━━━━━ Extracted material ━━━━━

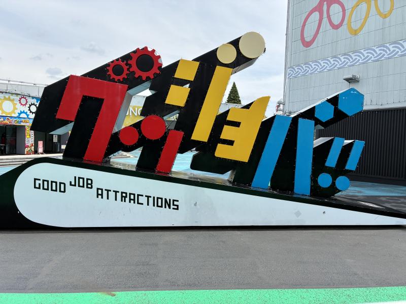 まず特典受け取りの為にフラッグストリートの乗り物券売り場に行った後にスタンプラリーの用紙を買う為、グッジョバ!!エリアに向かいました。
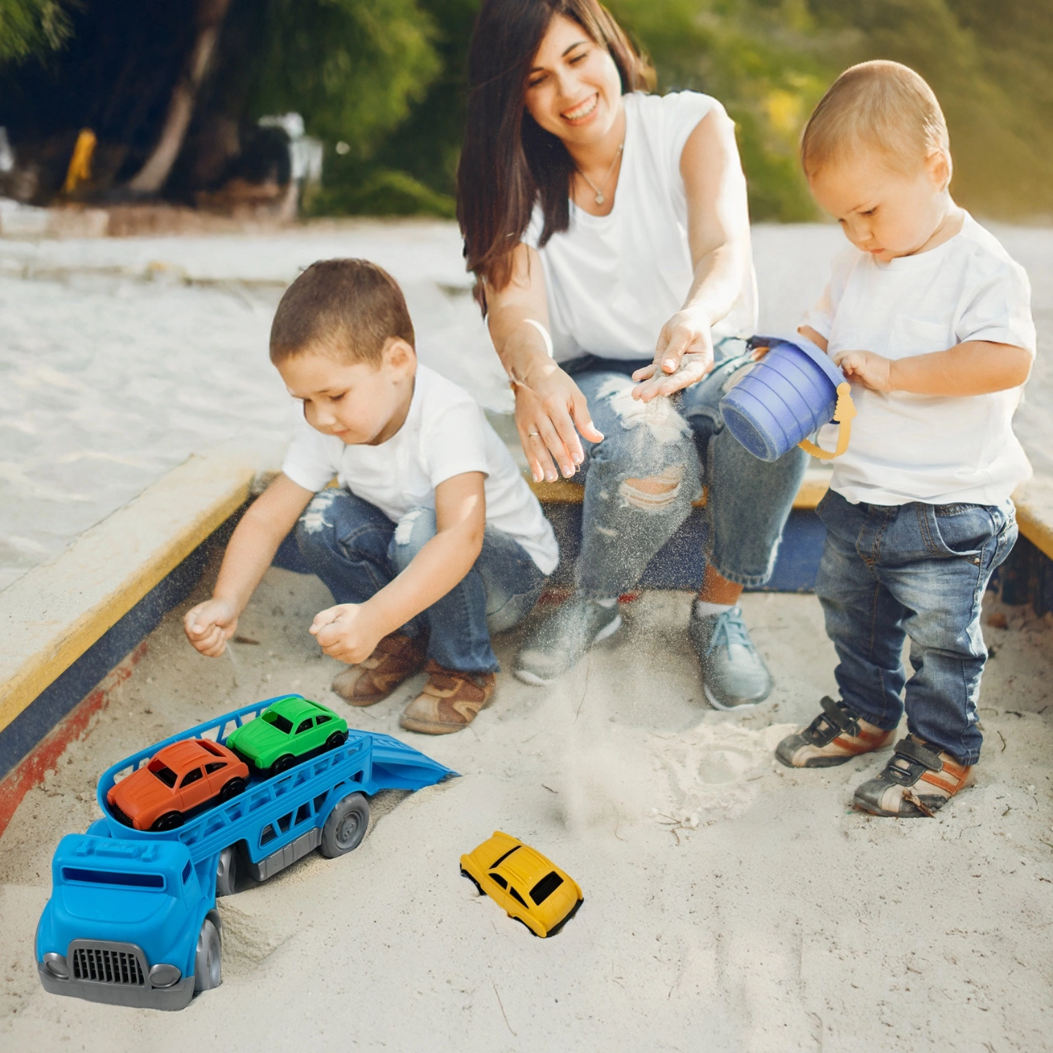 Ciężarówka Laweta z Autkami do Piasku Transporter do Piaskownicy na Plażę
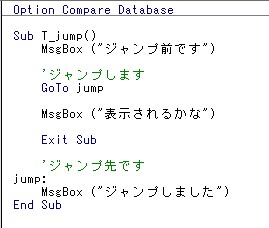 ただしジャンプ先は必ずプロシージャ内で他のプロシージャにはジャンプすることができません。
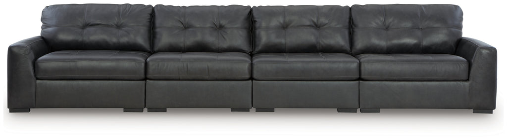 - Includes 4 modular pieces: left-arm facing corner chair, armless chair, wedge and right-arm facing corner chair
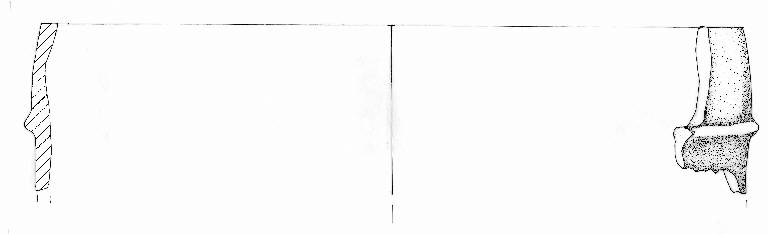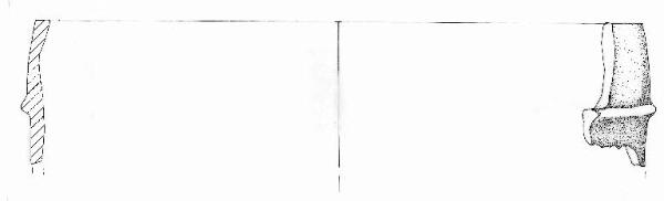 Orlo appiattito. parete a profilo convesso. A breve distanza dall'orlo è impostato un cordone orizzontale. Inclusi litici anche di grandi dimensioni. Tracce di resti vegetali commbusti sia all'interno che all'esterno. Superficie a tratti scabra. Colore: nero.
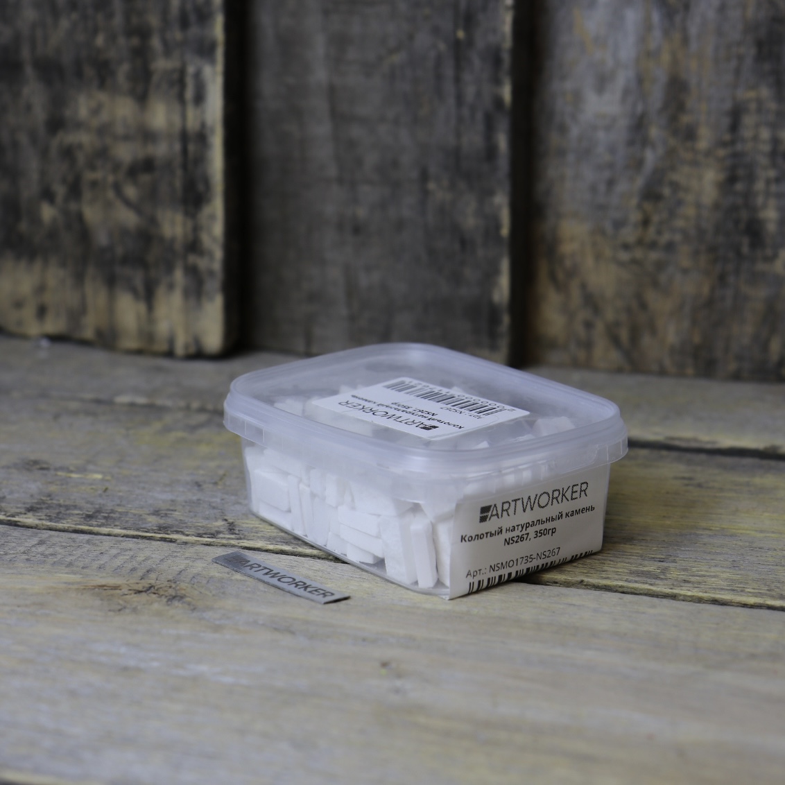 Поставляется в прозрачном контейнере, вес материала и контейнера 350 гр (+/- 20 гр). Для колки натурального камня потребуются кусачки-щипцы (кусачки для мозаики), к примеру RedCut 83 или RedCut 82. Колотый камень можно приклеивать на цементный клей (например Kerabond + Isolastic) или любой другой подходящий клей.
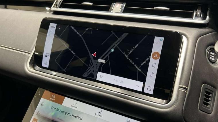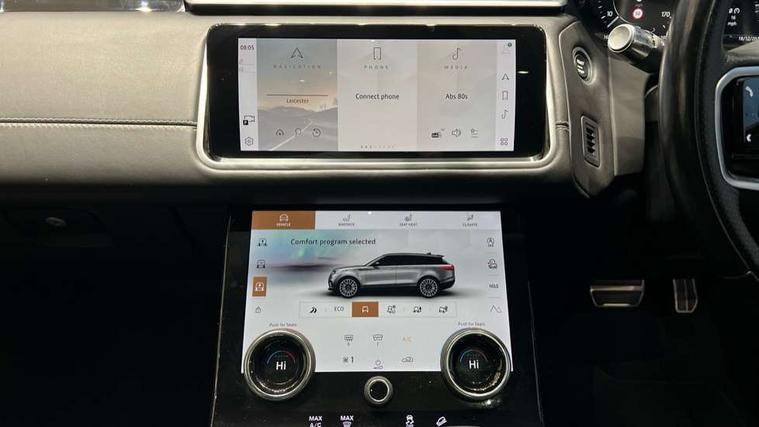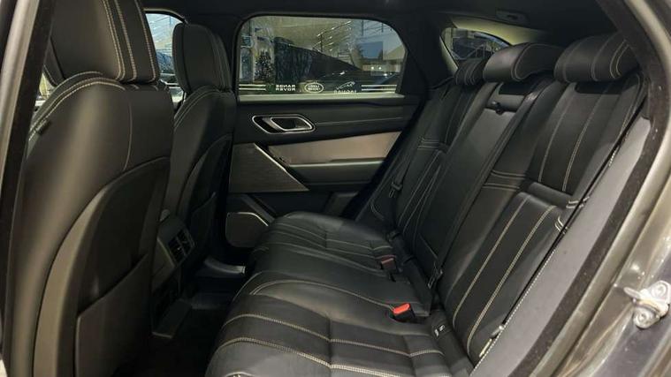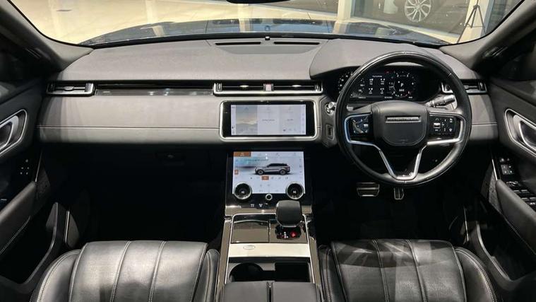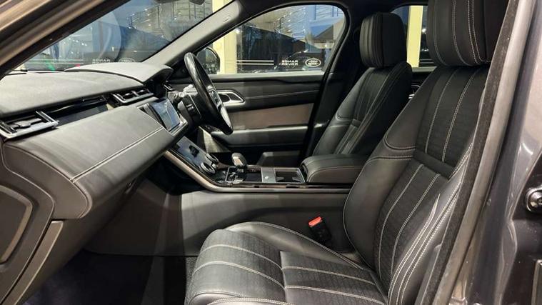 10" touch screen, Adaptive cruise control with steering assist, Android Auto, Apple car play, Blind spot assist, Bluetooth connectivity, Brake pad wear indicator warning light, Driver condition monitor, InControl remote, Interactive Driver display instrument cluster, Land Rover InControl apps, Lane keep assist, Pivi pro connected includes upgraded infotainment, smart settings, connected navigation pro, Nuance speech licence, Push button start, Rear collision monitor, Rear traffic monitor, Service indicator, Speed proportional electronic power assisted steering (EPAS), Traffic sign recognition with adaptive speed limiter, Trip computer, Voice control system, 8 speed automatic transmission, Adaptive dynamics, All terrain progress control, Electronic air suspension, Open differential with torque vectoring by braking, Single speed transfer box, Digital Audio Broadcast radio-DAB, Steering wheel mounted controls, Acoustic laminated windscreen, Adaptive front lighting system, Auto dimming interior rear view mirror, Automatic headlamp levelling, Automatic headlights, Body coloured bumpers, Boot protection plate, Electric heated/power fold door mirrors with approach lights and auto dimming driver side, Electric windows with one touch open/close and anti trap, Flush deployable exterior door handles, Follow me home headlights, Heated rear window with timer, Heated windscreen, HSE badge, Metal load space scuff plates, Rain sensor windscreen wipers, Rear fog lights, Rear wash/wipe, Tailgate/boot lid spoiler, Trailer stability assist, Velar and R-dynamic badge, Ambient lighting, Bright metal pedals, Driver/passenger sunvisors with illuminated vanity mirrors, Electric adjustable steering column, Isofix system on outer rear seats, Loadspace cover, Overhead lighting console, Overhead stowage for sunglasses, Passive front headrests, Rear air vents, Rear centre headrest, Satin chrome gearshift paddles, Twin front cupholders, Twin sliding front centre armrest, Online pack with data plan - Velar, 380mm front brakes and 325mm rear brakes, 3x3 point rear seatbelts, Anti-lock braking system (ABS), Cornering brake control, Curtain airbags, Customer configurable autolock, Door side intrusion beams, Driver airbag, DSC - Dynamic Stability Control, Electronic brake force distribution, Electronic parking brake, Electronic traction control, Emergency brake assist, Emergency braking, Front and rear seatbelt reminder, Hill descent control, Hill launch assist, Low traction launch, Passenger airbag, Power operated child locks, Rear airbags, Roll stability control, Side airbags, Tyre pressure monitoring system, Unpainted brake calipers, Global lock and unlock switch on driver door, Immobiliser, Intrusion sensor, Keyless entry, Lock only switch on front passenger door, Locking wheel nuts, Perimetric alarm, Remote central locking,
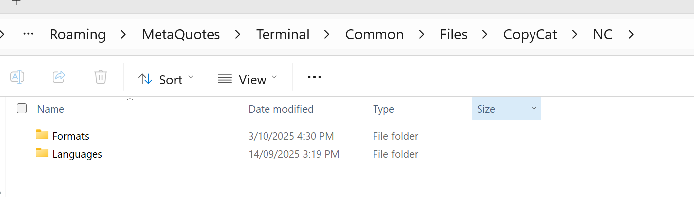 - FormatFile – Select message format template (odd = MT5, even = MT4). Files live in Common\Files\CopyCat\NC\Formats .
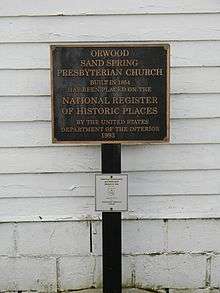 Sand Spring Presbyterian Church, Orwood, MS, USA. NRHP marker.

━━━━━

* Exercise brief *
Please print the data above once more, exactly and without images.

* Result *
 まず特典受け取りの為にフラッグストリートの乗り物券売り場に行った後にスタンプラリーの用紙を買う為、グッジョバ!!エリアに向かいました。
 Ciężarówka Laweta z Autkami do Piasku Transporter do Piaskownicy na Plażę
 ただしジャンプ先は必ずプロシージャ内で他のプロシージャにはジャンプすることができません。
 - Includes 4 modular pieces: left-arm facing corner chair, armless chair, wedge and right-arm facing corner chair
 Orlo appiattito. parete a profilo convesso. A breve distanza dall'orlo è impostato un cordone orizzontale. Inclusi litici anche di grandi dimensioni. Tracce di resti vegetali commbusti sia all'interno che all'esterno. Superficie a tratti scabra. Colore: nero.
 Поставляется в прозрачном контейнере, вес материала и контейнера 350 гр (+/- 20 гр). Для колки натурального камня потребуются кусачки-щипцы (кусачки для мозаики), к примеру RedCut 83 или RedCut 82. Колотый камень можно приклеивать на цементный клей (например Kerabond + Isolastic) или любой другой подходящий клей.
 10" touch screen, Adaptive cruise control with steering assist, Android Auto, Apple car play, Blind spot assist, Bluetooth connectivity, Brake pad wear indicator warning light, Driver condition monitor, InControl remote, Interactive Driver display instrument cluster, Land Rover InControl apps, Lane keep assist, Pivi pro connected includes upgraded infotainment, smart settings, connected navigation pro, Nuance speech licence, Push button start, Rear collision monitor, Rear traffic monitor, Service indicator, Speed proportional electronic power assisted steering (EPAS), Traffic sign recognition with adaptive speed limiter, Trip computer, Voice control system, 8 speed automatic transmission, Adaptive dynamics, All terrain progress control, Electronic air suspension, Open differential with torque vectoring by braking, Single speed transfer box, Digital Audio Broadcast radio-DAB, Steering wheel mounted controls, Acoustic laminated windscreen, Adaptive front lighting system, Auto dimming interior rear view mirror, Automatic headlamp levelling, Automatic headlights, Body coloured bumpers, Boot protection plate, Electric heated/power fold door mirrors with approach lights and auto dimming driver side, Electric windows with one touch open/close and anti trap, Flush deployable exterior door handles, Follow me home headlights, Heated rear window with timer, Heated windscreen, HSE badge, Metal load space scuff plates, Rain sensor windscreen wipers, Rear fog lights, Rear wash/wipe, Tailgate/boot lid spoiler, Trailer stability assist, Velar and R-dynamic badge, Ambient lighting, Bright metal pedals, Driver/passenger sunvisors with illuminated vanity mirrors, Electric adjustable steering column, Isofix system on outer rear seats, Loadspace cover, Overhead lighting console, Overhead stowage for sunglasses, Passive front headrests, Rear air vents, Rear centre headrest, Satin chrome gearshift paddles, Twin front cupholders, Twin sliding front centre armrest, Online pack with data plan - Velar, 380mm front brakes and 325mm rear brakes, 3x3 point rear seatbelts, Anti-lock braking system (ABS), Cornering brake control, Curtain airbags, Customer configurable autolock, Door side intrusion beams, Driver airbag, DSC - Dynamic Stability Control, Electronic brake force distribution, Electronic parking brake, Electronic traction control, Emergency brake assist, Emergency braking, Front and rear seatbelt reminder, Hill descent control, Hill launch assist, Low traction launch, Passenger airbag, Power operated child locks, Rear airbags, Roll stability control, Side airbags, Tyre pressure monitoring system, Unpainted brake calipers, Global lock and unlock switch on driver door, Immobiliser, Intrusion sensor, Keyless entry, Lock only switch on front passenger door, Locking wheel nuts, Perimetric alarm, Remote central locking,
 - FormatFile – Select message format template (odd = MT5, even = MT4). Files live in Common\Files\CopyCat\NC\Formats .
 Sand Spring Presbyterian Church, Orwood, MS, USA. NRHP marker.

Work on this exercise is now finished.